### What to produce
Please reproduce all the data exactly as written and omit the pictures.

### Supplied material
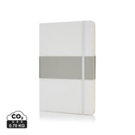 Notatnik A5 (80 kremowych kartek 80 g/m2 w linie), twarda okładka, tasiemka zakładkowa, elastyczna opaska do zamykania, obwoluta, zaokrąglone rogi, ślad węglowy produktu: 0,7 kg CO2
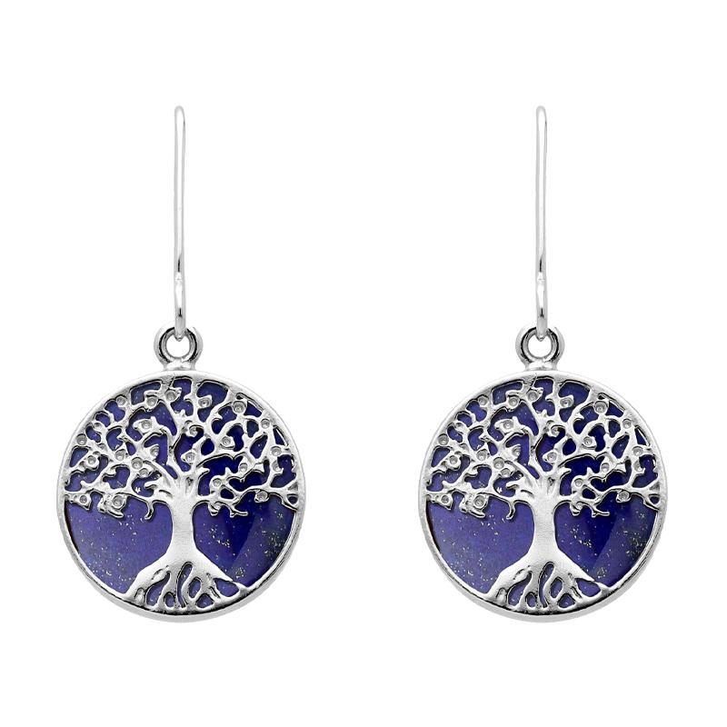 Sterling Silver Lapis Lazuli Round Tree of Life Drop Earrings
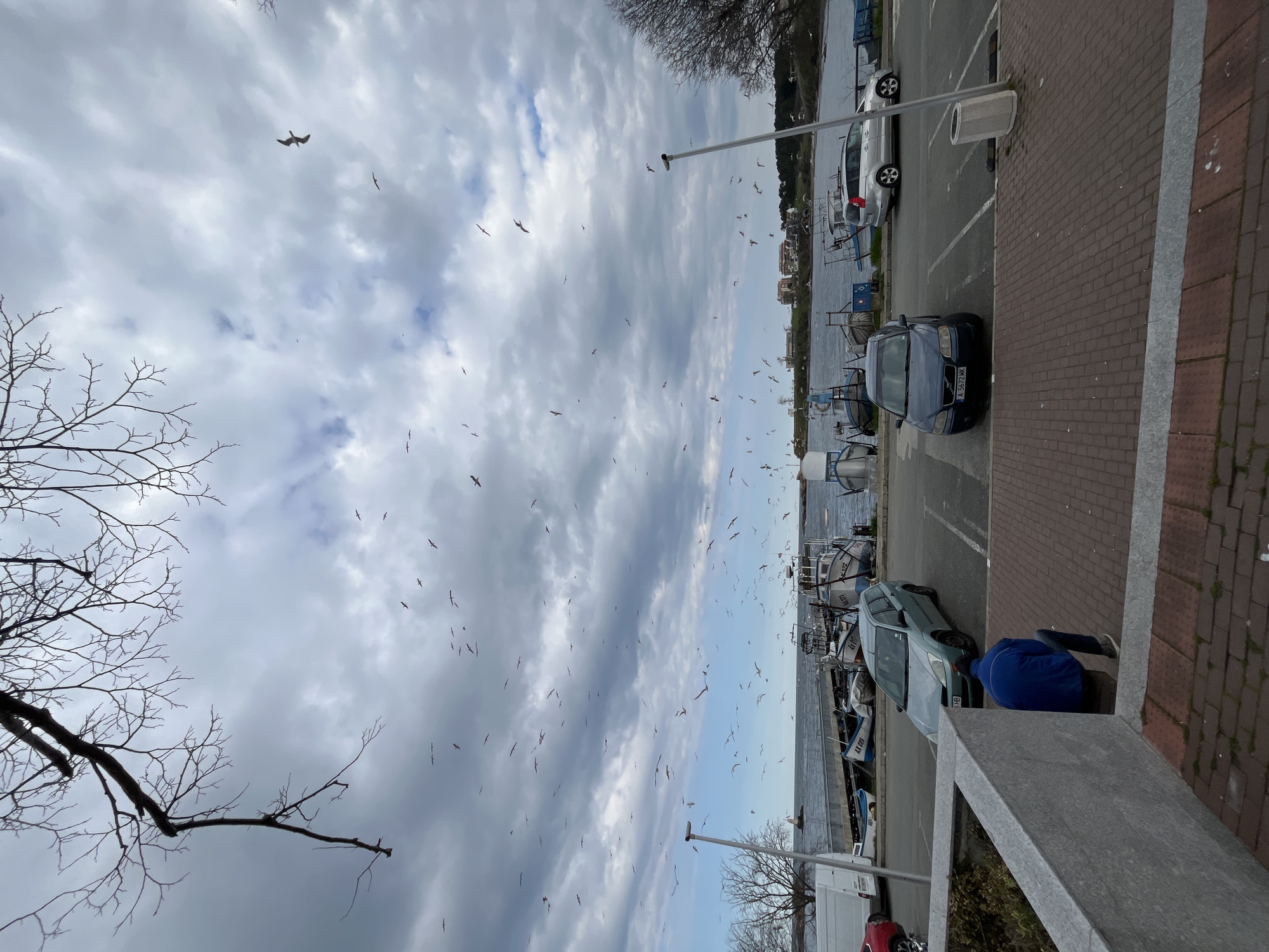 The scene is Ahtopol, Bulgaria. A gray-bricked walkway is on the right, next to a parking area with cars. A blue car with license plate "S 5672 AK" is parked. Across the parking area is water with many small boats docked. Hundreds of birds are flying in the sky. Bare tree branches are on the bottom left. A person wearing a blue jacket and black pants is visible in the bottom right of the image.
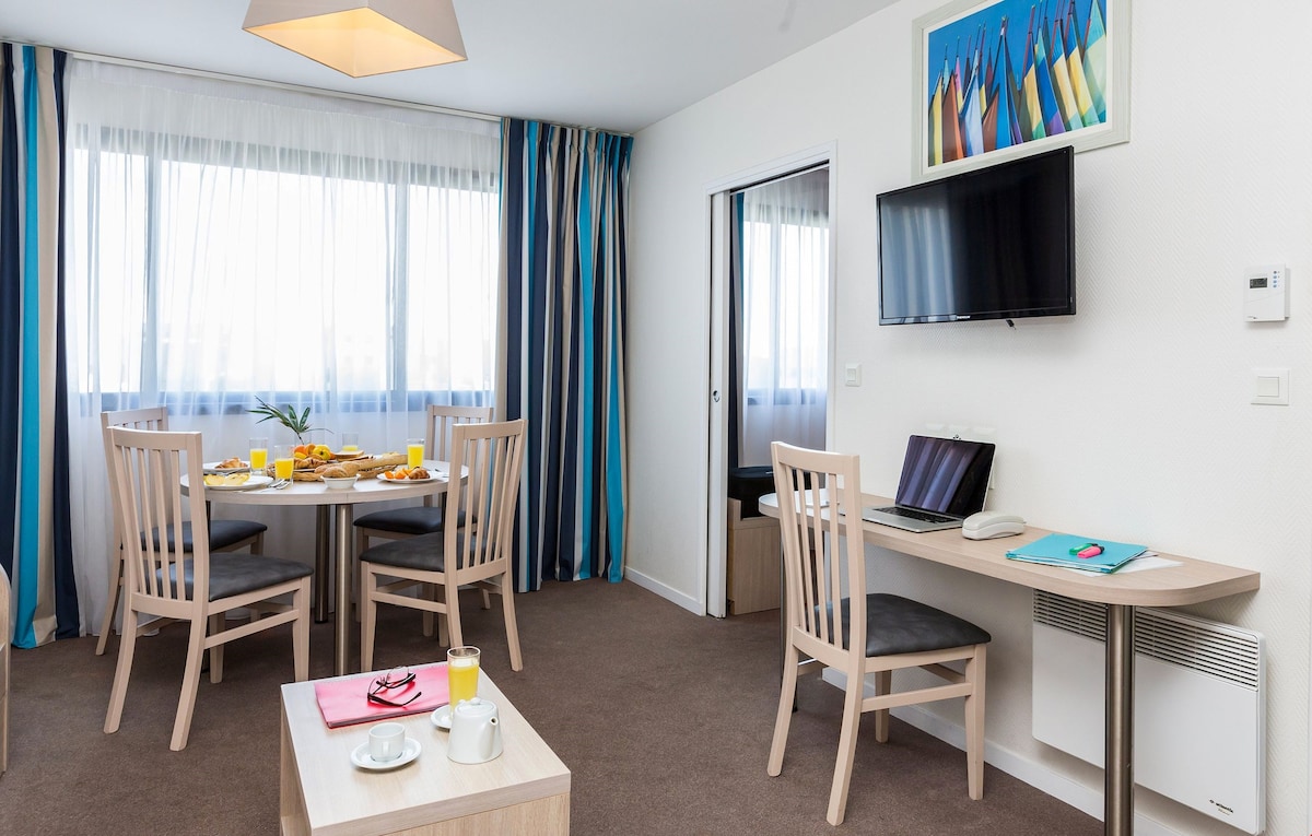 MaranZen i hjertet af Poitevin-marsken, 3 minutter til fods fra havnen, midt i en park på mere end 1,2 hektar i en sikret bolig med swimmingpool + gratis parkering, denne lejlighed på 35 m² omfatter 4 senge til voksne, 1 soveværelse, badeværelse, badekar, barneseng, toilet, stue, køkken + have & privat terrasse. Til din rådighed: sengetøj / wifi / mikroovn / TV + / BT-højttaler / hårtørrer / strygejern / brødrister / vaskemaskine / køleskab, ovn osv. Rolig, træer. Perfekt til et Zen-ophold.

### Answer space
 Notatnik A5 (80 kremowych kartek 80 g/m2 w linie), twarda okładka, tasiemka zakładkowa, elastyczna opaska do zamykania, obwoluta, zaokrąglone rogi, ślad węglowy produktu: 0,7 kg CO2
 Sterling Silver Lapis Lazuli Round Tree of Life Drop Earrings
 The scene is Ahtopol, Bulgaria. A gray-bricked walkway is on the right, next to a parking area with cars. A blue car with license plate "S 5672 AK" is parked. Across the parking area is water with many small boats docked. Hundreds of birds are flying in the sky. Bare tree branches are on the bottom left. A person wearing a blue jacket and black pants is visible in the bottom right of the image.
 MaranZen i hjertet af Poitevin-marsken, 3 minutter til fods fra havnen, midt i en park på mere end 1,2 hektar i en sikret bolig med swimmingpool + gratis parkering, denne lejlighed på 35 m² omfatter 4 senge til voksne, 1 soveværelse, badeværelse, badekar, barneseng, toilet, stue, køkken + have & privat terrasse. Til din rådighed: sengetøj / wifi / mikroovn / TV + / BT-højttaler / hårtørrer / strygejern / brødrister / vaskemaskine / køleskab, ovn osv. Rolig, træer. Perfekt til et Zen-ophold.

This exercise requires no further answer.